In it, the Falcon’s arch-foe, The Buzzard, ‘kills’ Dynomutt in battle and BF comes to Dexter for assistance. Dex rebuilds Dyno, but feels that the goofy ‘Dog Blunder’ isn’t a worthy sidekick to an awesome superhero like Blue Falcon, so he builds a replacement called Dynomutt X90, a more efficient but far more aggressive robot dog who’s so extreme that he sets a man on fire for littering and nearly laser blasts a little girl for picking a flower before he’s stopped by the re-activated original Dynomutt.
At the end of the short, Blue Falcon says that he prefers having a comic relief sidekick because it makes him look cooler. Dexter, who’s saddled with Dee-Dee, agrees.
Fast-Forward to Scooby-Doo: Mystery, Inc. BF and Dyno turn up in this series as well (by this time it’s been long established that the crime fighting duo know and are well-acquainted with the Scooby-Doo gang, as they’ve met and crossed over on numerous occasions and even appeared alongside one another on the Scooby Doobies team on ABC’s Laff-A-Lympics), albeit with a slightly revised backstory and some notable changes in characterization.
Here, rather than being a rich playboy, Radley Crown is a security guard at one of the laboratories of Quest Industries (as in Dr. Benton Quest, father of Jonny Quest–yes, Jonny Quest, Scooby-Doo and Blue Falcon exist in the same universe–it’s canon now) and Dyno is his faithful dog Reggie. One fateful night the two are attacked by a mutated monster created by Mad Science and Reggie is seriously injured in the attack. Desperate to save his friend, Crown enlists the aid of Dr. Benton Quest himself, who utilizes Quest technology to transform Reggie into a super canine cyborg. While Dyno here is his usual goofball self, B.F. is more gritty, angtsy and edgy, basically a spoof of Frank Miller’s Batman from The Dark Knight Returns.
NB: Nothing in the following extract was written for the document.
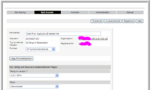 Fältet är obligatorisk. Välj (ur listboxen) den PENGVIN-version reklamationen/frågan avser. Man hittar versionsnumret i huvudmenyn.

And now we come to today. B.F. and Dyno turn up again in Scoob!. Here, Blue Falcon is a very famous and highly revered superhero, idol to millions and heavily trademarked, BUUUT (*Spoilers for those who haven’t seen the movie, or actually care, which I doubt is many of you) this Blue Falcon is not Radley Crown, rather it’s his adult son Brian Crown, a somewhat goofy and slightly egotistical glory hog who seems more interested in promoting his brand than saving the world.
Dynomutt meanwhile has apparently been upgraded to a sleeker, cooler and far more competent version of himself; his tech is 100 times cooler, he’s more sarcastic and quick to chide his new partner and his goofy giggles have been replaced by a more annoyed wiseguy voice, provided by Ken Jeong.
And I enjoyed the heck out of these guys, particularly Dynomutt 2.0. Confession time: I’ve always thought Dynomutt was kind of cool. Despite his usual portrayal as a bumbling dufus who hindered Blue Falcon’s efforts as much as he helped them, I always though his tech was pretty cool. Back in the ’70’s, Dynomutt, along with the Robonic Stooges…
Were what first attracted me to the idea of utilizing high-tech as a super power. These guys were the Robocops and Cyborgs of their day. So I was actually glad to see Dynomutt on screen and not being a joke. You’re free to disagree with me but I thought Blue Falcon and Dynomutt’s banter was funny and I love their new designs. The details on Brian’s costume looked awesome and this new Dynomutt is just cool-looking and badass.
Plus, I can’t be the only one who’d like to see an animated series starring these two. C’mon, a Booster Gold-esque Blue Falcon trying to make a name for himself while struggling to live up to his father’s legacy and his snarky but efficient robot dog companion? I’d watch the heck out of that show!
Even if you don’t agree with me on that, there’s something else I think we can all agree on:
Kid Daphne in this movie was cute as a button!